YOUR ASSIGNMENT ▸
In your copy, each line below is repeated exactly and no image appears.

RECORDS FOR THIS EXERCISE ▸
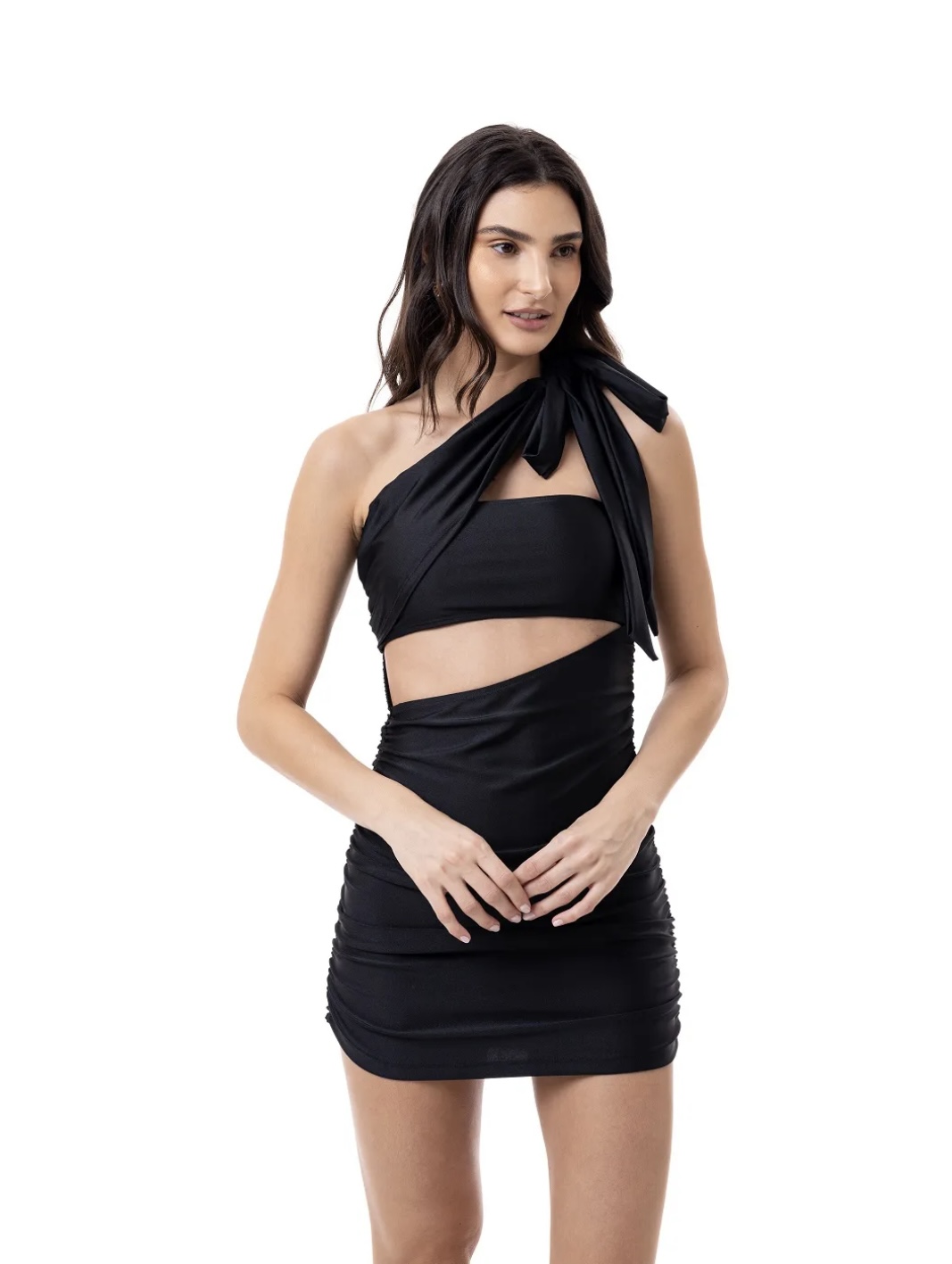 EM COMPIRMENTO MINI COM CORPO FRANZIDO, POSSUI UMA FAIXA NO BUSTO COM UMA TIRA LARGA SOBREPOSTA E TRANSPASSADA NO OMBRO. COMPOSIÇÃO: 87% POLIÉSTER E 13% ELASTANO.
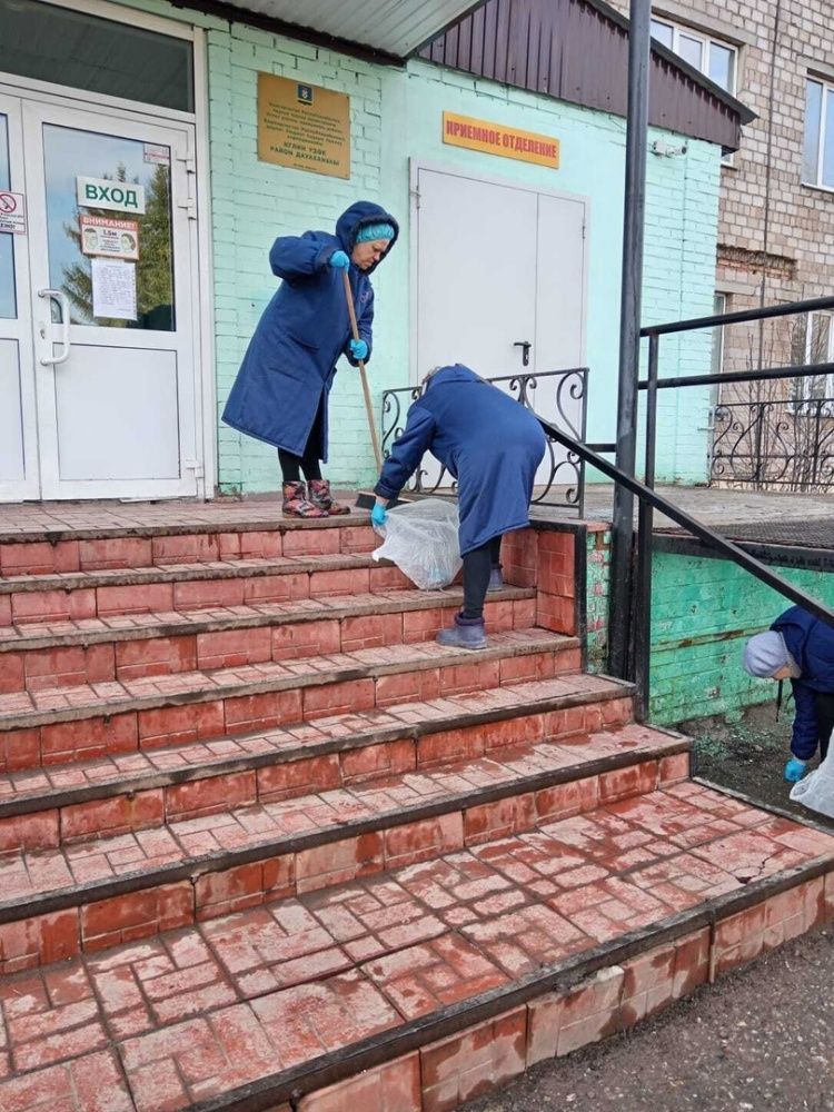 Сегодня сотрудники Иглинской ЦРБ дружно вышли на субботник, чтобы сделать нашу больницу ещё чище и уютнее!
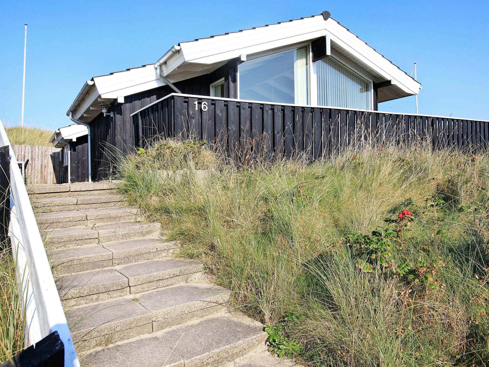 Velholdt sommerhus med smagfuld, moderne indretning, lyse rum og flere terrasser. Huset ligger på en kuperet fælles klitgrund kun ca. 200 m fra hav og strand ved Løkken Syd. Fra stue og terrasse er der en flot udsigt over klitområdet. Huset indeholder stue i åben forbindelse med køkken, et soverum med dobbeltseng, et soverum med to enkeltsenge, alkove med dobbeltmadras, hems med to madrasser, badeværelse med gulvvarme, spabad og adgang til sauna, entre. Indretningen er med moderne møblement i den kendte danske sommerhusstil. Huset har både en luft/luft varmepumpe og en brændeovn til hygge og billig opvarmning. Mod øst, syd og vest er der ca. 60 m² terrasseareal, heraf en lille del overdækket. Udlejes ikke til ungdomsgrupper.
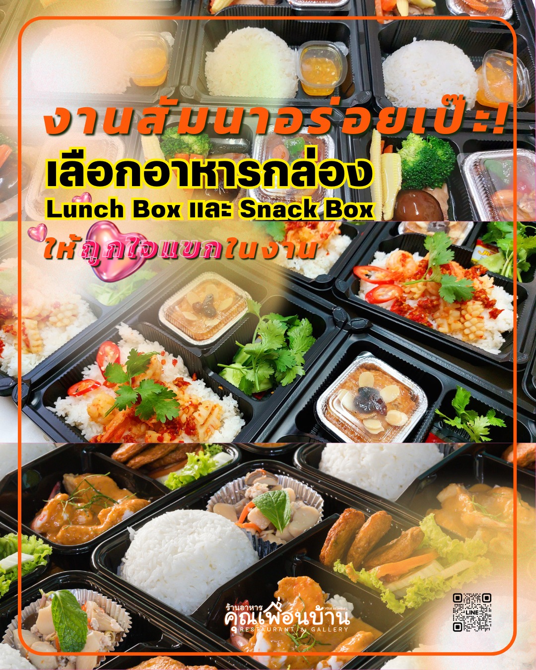 การจัด Lunch Box และ Snack Box ที่ดี จะช่วยให้งานสัมมนาของคุณประสบความสำเร็จ และสร้างความประทับใจให้กับผู้เข้าร่วมงานได้อย่างแน่นอนค่ะ ที่ร้านอาหารคุณเพื่อนบ้าน เรามีบริการจัดอาหารกล่องและ Snack Box ที่หลากหลายตอบโจทย์ทุกความต้องการของคุณค่ะ
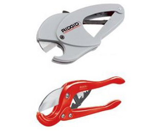 Diseñadas para cortes rápidos y limpios en tuberías y tubos plásticos. Estas cortadoras cuentan con mecanismos compuestos de palanca con trinquete y cuchillas de acero endurecidas. La cortadora Modelo 138 permite su operación con una sola mano. No la use para cortar tubería o tubos metálicos recubiertos con plástico.

WRITTEN SOLUTION ▸
 EM COMPIRMENTO MINI COM CORPO FRANZIDO, POSSUI UMA FAIXA NO BUSTO COM UMA TIRA LARGA SOBREPOSTA E TRANSPASSADA NO OMBRO. COMPOSIÇÃO: 87% POLIÉSTER E 13% ELASTANO.
 Сегодня сотрудники Иглинской ЦРБ дружно вышли на субботник, чтобы сделать нашу больницу ещё чище и уютнее!
 Velholdt sommerhus med smagfuld, moderne indretning, lyse rum og flere terrasser. Huset ligger på en kuperet fælles klitgrund kun ca. 200 m fra hav og strand ved Løkken Syd. Fra stue og terrasse er der en flot udsigt over klitområdet. Huset indeholder stue i åben forbindelse med køkken, et soverum med dobbeltseng, et soverum med to enkeltsenge, alkove med dobbeltmadras, hems med to madrasser, badeværelse med gulvvarme, spabad og adgang til sauna, entre. Indretningen er med moderne møblement i den kendte danske sommerhusstil. Huset har både en luft/luft varmepumpe og en brændeovn til hygge og billig opvarmning. Mod øst, syd og vest er der ca. 60 m² terrasseareal, heraf en lille del overdækket. Udlejes ikke til ungdomsgrupper.
 การจัด Lunch Box และ Snack Box ที่ดี จะช่วยให้งานสัมมนาของคุณประสบความสำเร็จ และสร้างความประทับใจให้กับผู้เข้าร่วมงานได้อย่างแน่นอนค่ะ ที่ร้านอาหารคุณเพื่อนบ้าน เรามีบริการจัดอาหารกล่องและ Snack Box ที่หลากหลายตอบโจทย์ทุกความต้องการของคุณค่ะ
 Diseñadas para cortes rápidos y limpios en tuberías y tubos plásticos. Estas cortadoras cuentan con mecanismos compuestos de palanca con trinquete y cuchillas de acero endurecidas. La cortadora Modelo 138 permite su operación con una sola mano. No la use para cortar tubería o tubos metálicos recubiertos con plástico.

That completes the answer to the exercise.